Join Robert Nishihara, Philipp Moritz, Ion Stoica, and Eric Liang to learn how Ray seamlessly and efficiently supports these computational patterns and hence provides an ideal platform for building AI applications. Through lecture and hands-on exercises, you’ll take a deep dive into Ray, learn its API, and implement several state-of-the-art AI applications, including an end-to-end application that involves training an RL model and serving predictions from it.
Robert Nishihara is a fourth-year PhD student working in the University of California, Berkeley, RISELab with Michael Jordan. He works on machine learning, optimization, and artificial intelligence.
Philipp Moritz is a PhD candidate in the electrical engineering and computer sciences (EECS) department at the University of California, Berkeley, with broad interests in artificial intelligence, machine learning, and distributed systems. He’s a member of the Statistical AI Lab and the RISELab.
Ion Stoica is a professor in the electrical engineering and computer sciences (EECS) department at the University of California, Berkeley, where he does research on cloud computing and networked computer systems. Previously, he worked on dynamic packet state, chord DHT, internet indirection infrastructure (i3), declarative networks, and large-scale systems, including Apache Spark, Apache Mesos, and Alluxio. He’s the cofounder of Databricks—a startup to commercialize Apache Spark—and Conviva—a startup to commercialize technologies for large-scale video distribution.
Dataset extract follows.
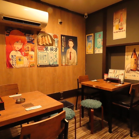 レトロな空間で、名物ホルモンをつまみに乾杯!コスパ最強の充実コースで、気の合う仲間と最高のひとときを。奥にあるテーブル席は、3名以上で半個室の利用が可能です。プライベート感がある空間で、会社の飲み会や大切な集まりにぴったり♪周囲を気にせず、ゆったりとした時間を過ごせます。

Ion is an ACM fellow and has received numerous awards, including inclusion in the SIGOPS Hall of Fame (2015), the SIGCOMM Test of Time Award (2011), and the ACM doctoral dissertation award (2001).
Eric Liang is a second-year PhD student working in the University of California, Berkeley, RISELab with Ion Stoica. He works on frameworks and applications for machine learning and reinforcement learning. Previously, he spent several years working on systems in industry at Databricks and Google.